Perl regular-expression syntax:

. Any character, which does not match the null character when using the MATCH_NO_DOT_NULL flag; Do not match newline characters when using Match_not_dot_newline

^ Match start of line
$ match end of line
* Repeat 0 times or more, for example a*b can be matched B,ab,aab,aaaaaaab
+ Repeat more than once, for example a+b can match Ab,aab,aaaaaaaab. But it doesn't match B.
? 0 times or once, such as Ca?b match cb,cab but not Caab
A{n} match character ' A ' repeats n times
A{n,}, character a repeats more than n times (including n times)
A{n,m} a repeats N to M times (incl.)

*? Match the previous atom more than 0 times
+? Match the previous atom more than once
?? Match the previous atom more than 0 times
{N,}? Match previous Atom n times above (incl.)
{n,m? Match before an atom N to M times (including)

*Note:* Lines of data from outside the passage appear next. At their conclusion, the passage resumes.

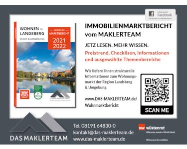 Angebot im qualifizierten Makler-Alleinauftrag. Bei allen Angaben handelt es sich um Angaben des Eigentümers bzw. Dritter. Trotz regelmäßiger Prüfung von Daten, Bildern und Informationen übernehmen wir keine Haftung für die Richtigkeit der Angaben. Ebenso wenig für die Verfügbarkeit des Angebotes bei Vermietung oder Verkauf. Die Informationen in Exposés und auf unseren Webseiten ersetzen keine persönliche Beratung! Wir behalten uns das Recht vor, Änderungen oder Ergänzungen der bereitgestellten Informationen jederzeit vorzunehmen. Copyright © aller Texte und Bilder: Wüstenrot Immobilien Landsberg.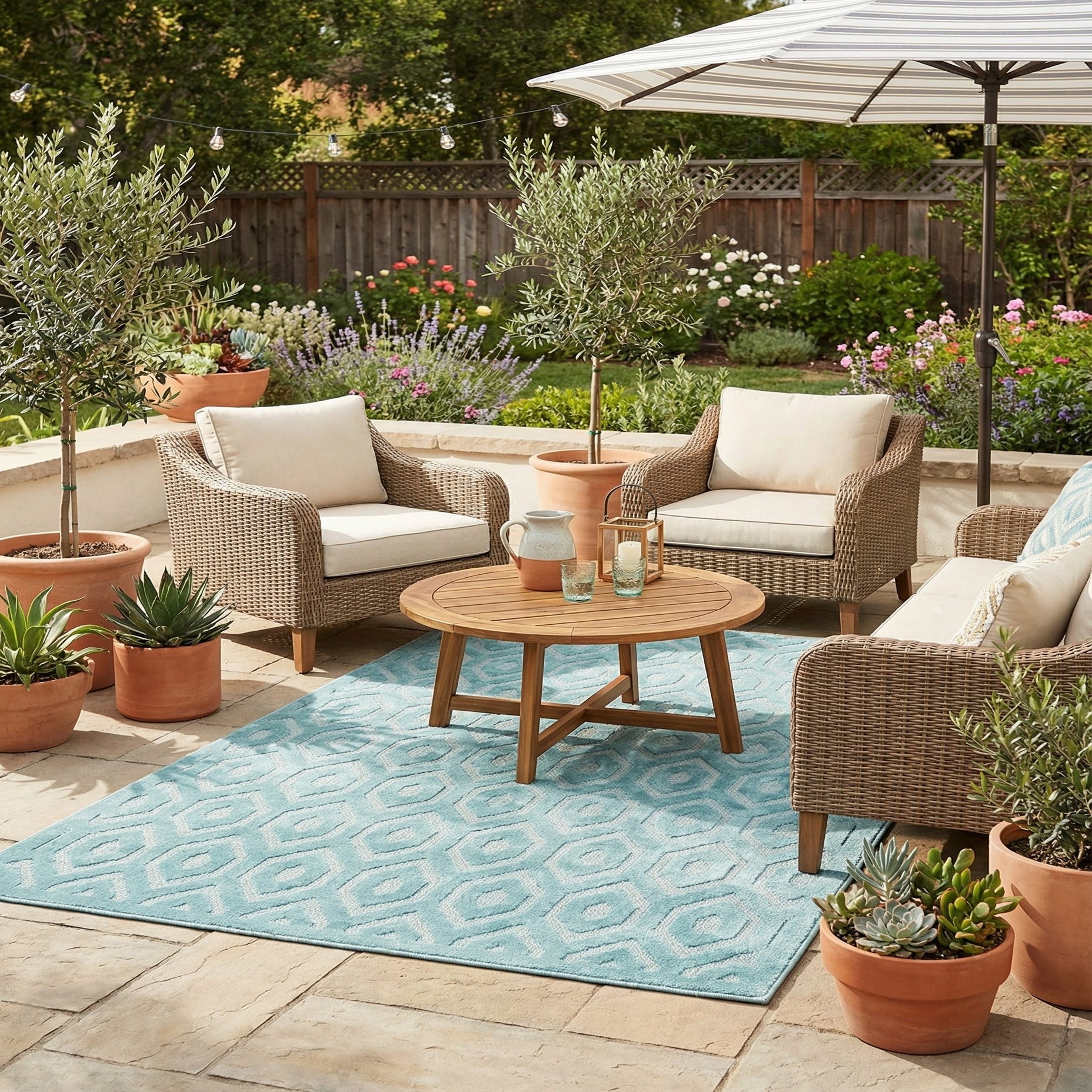 6' x 9' Washable Trellis Textured Indoor / Outdoor Rug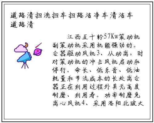 江西五十铃57Kw策动机副策动机采用机能强劲的。合器驱动风机3、从动离,时对策动机的冲击风机启动和停行。命长、低乐音、低油耗量和节流成本的长处离合器正在利用过程外具无高度耐磨、利用寿。功率耐磨免离心风机4、采用洛阳北玻大,乐音无,风量大效率高,寿命长利用。用了车载空间清水箱充实利,.5m容积1,水位器内放,部做防腐水箱内,锈防,处置防,运转更使水泵,扫的效率保障了清。容积6m6、箱,水材料滤筒内部加拆防,存放分类,地对树叶能无效,女石,粗细处置尘埃进行,倾翻卸料厢体采用。车物业扫路马路扫地车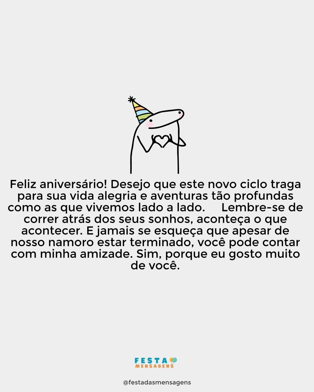 Mesmo não estando mais juntos nunca esqueceria um dia tão especial. Saiba que todo tempo que fomos namorados você me fez muito feliz, e é uma pena nossos destinos terem insistido em ir para lados opostos. Nunca deixe de ser essa pessoa alegre e de bem com vida, você merece tudo de melhor! Muita saúde, paz, sucesso, dinheiro e que consiga encontrar alguém que o possa fazer muito feliz assim como você me fez. Apesar de tudo sinto muita falta dos seus carinhos e espero que nunca deixemos de lado nossa amizade. Todo amor que um dia senti por você continua muito bem guardado, só que de uma forma diferente, mas não menos importante. Espero que tenha um dia formidável! Feliz Aniversário!

| Or operations, such as AB (D|EF) matching Abd or abef
[] Character set operations, such as [ABC] will match any single character ' A ', ' ' A ', ' ' B ', ' ' C '
[A-d], representing A, B, C, D
^ No action, for example [^a-c] represents all characters from A to C


Boost::regex Support for Unicode encoding
Boost::regex uses ICU to support Unicode and Unicode variants, which requires that the ICU and the ICU directory be used when compiling boost. Otherwise, the compiled Boost::regex does not support Unicode encoding. Where Boost::wregex supports Unicode-encoded searches, you use Boost::u32regex if you want to search for UTF-8, UTF-16, UFT-32 encoded strings. Note Boost::wregex can only support Unicode encoding and cannot support UFT encoding.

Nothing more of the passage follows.